I feel driven to claw your face right now.
"You would know the meaning of work in the highest sense given to man. But alas, because of circumstances, you lack even an economic stimulus. Your family is well-to-do, work is a hobby for you. Neither money nor talent drive you toward a vocation."
I deliberately picked up the fragile ashtray and slammed it to the floor.
He pretended not to notice! He just said to me, "What are you thinking?"
"I'm thinking you are one first class son of a bitch. I came here for help. What does all that garbage have to do with the way I feel?"
"Everything." He stooped to pick up the pieces of ashtray.
"I'll pay for it," I said.
He dismissed that with a wave of his hand.
"What happened today," he said, "is a transitory matter. A wound that will heal."

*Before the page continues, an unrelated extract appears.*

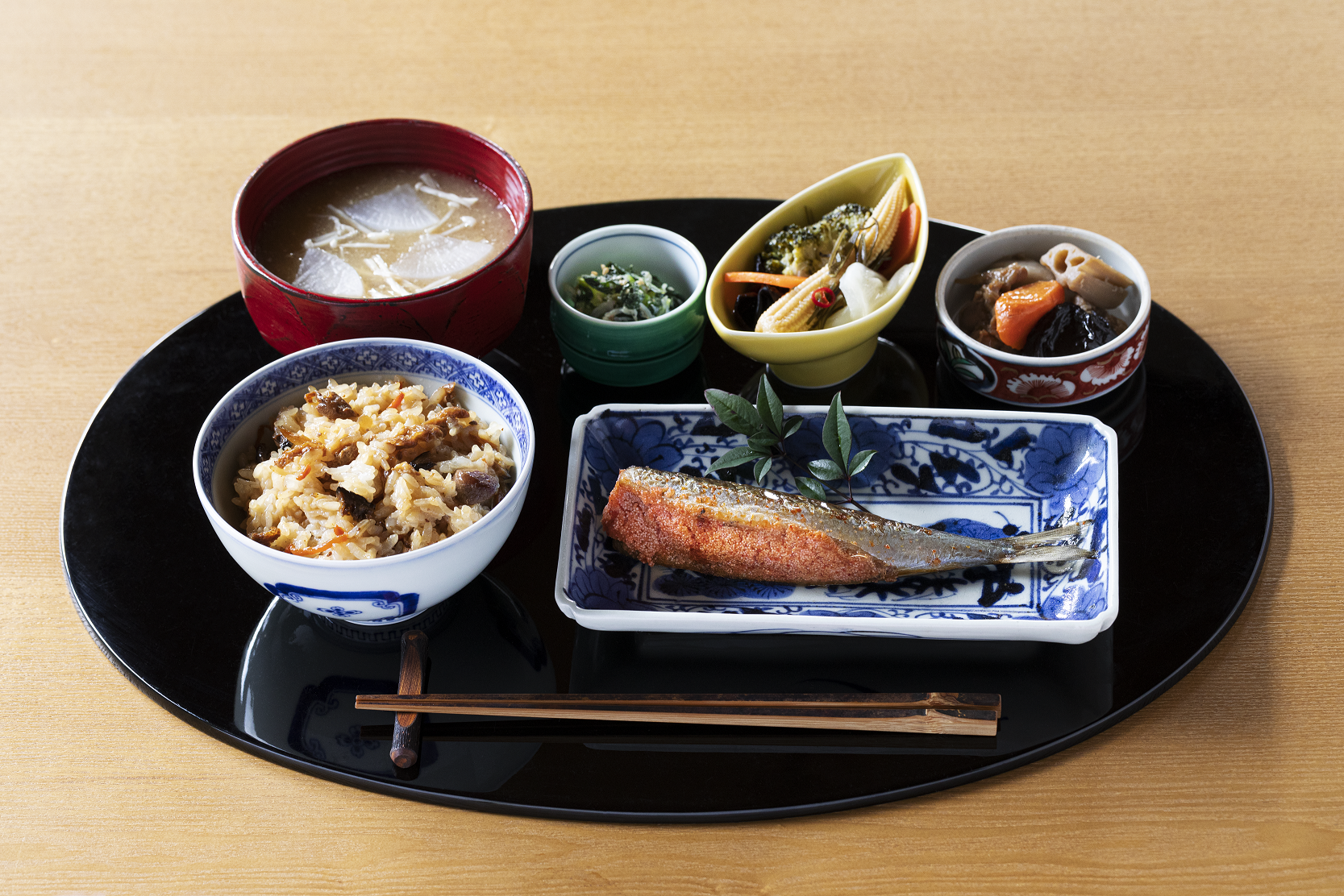 メニューは主食、汁物、主菜、副菜を組み合わせた5‐6品からなる一汁三菜以上の和食献立となっており、まるで旅館で提供されるような御膳をお楽しみいただけます。

I felt as if I were dissolving. "I haven't even told you what that man did to me today."
"Please tell me," he said.
I bit my lip. Suddenly I didn't want to talk.
"Please," he said. "You must talk it out."
I shook my head.
"I'm trying to help you."
You're not helping me.
"Say it."
"You're not helping me."
"Tell me what happened. How did it start?"
"A knock on the door." My voice sounded like an automaton to me.
"Then?"
I told him about the cup of sugar. About the broom, for banging on the ceiling. Then about when Koslak exposed himself.
"What did you think about that?" asked Koch.
I didn't want to hear my automaton voice. I didn't want to talk any more.
"What did you think?"
I forced my dry throat to speak. "He wanted me to be frightened. I knew that."
"Were you frightened?"
"Of course I was."
I exhausted myself in the telling of the rest of it. Finally, he said, "Do you feel better now?"
"I don't know."
"You will feel better when you come to grips with one thing. Your rootless brilliance."
What the fuck was wrong with this man? "Are you talking about my job again?"
"I thought tonight it might distract you. We can talk about it some other time."
You started it, finish it. "Talk about it now."
Koch sighed. "You are young."
You are old.
"There is time. A job," he said, "is not a vocation. A vocation is like an engine that burns out only when you burn out. You desperately need roots for your brilliance. And the handicap you have is that you are a second generation vocational foundling."
"Now what does that horseshit mean."
Koch stared in surprise.
"You said I could talk as uninhibited as I wanted to in these sessions. I said horseshit because that's what it is. I don't understand what you're talking about."
"Don't get so worked up. Your father is a vocational foundling."
"He's a lawyer."
"He has no vocation as a lawyer. He is filling a role out of strange reasons. I have heard him. He has the same problem as you have."
I was standing now. "I was raped today."
"Yes."
"Rape is a crime. It's my body was violated. I was tied up. I could have been killed."
He did not get up. It was as if by remaining seated, he was forcing me to sit back down.
"But you were not killed. You must deal with reality."
"I am! For Christ's sake, I went to the hospital, I went to the police, I thought at least here I would find some sympathy, some understanding."
"Please sit down."
"I feel like I'm in enemy territory. Just like in the police station. Don't any of you men understand?"
"What have you against men?"
"Oh shit, let's not start that kind of thing. Let's talk like normal human beings. If I'd been robbed, if I'd been burglarized, you'd be sympathetic!"
"I am sympathetic."
"Like hell you are. You started criticizing my whole way of life. Tonight. When I came for help."
"I was trying to direct your attention to your deepest problem now that we have found the source of your insomnia. You will not have it again, I promise. Please sit down."
"I'm not going to sit down. I'm going to get the hell out of here."
"Please, please." He was standing now. "You've never done this before."
"You've never been this obtuse and cruel before."
"I think you should come back tomorrow when you are feeling calmer."
"I hope—"
"Yes?"
"Something happens."
"To me?"
"Yes to you. So you'll understand what I feel like."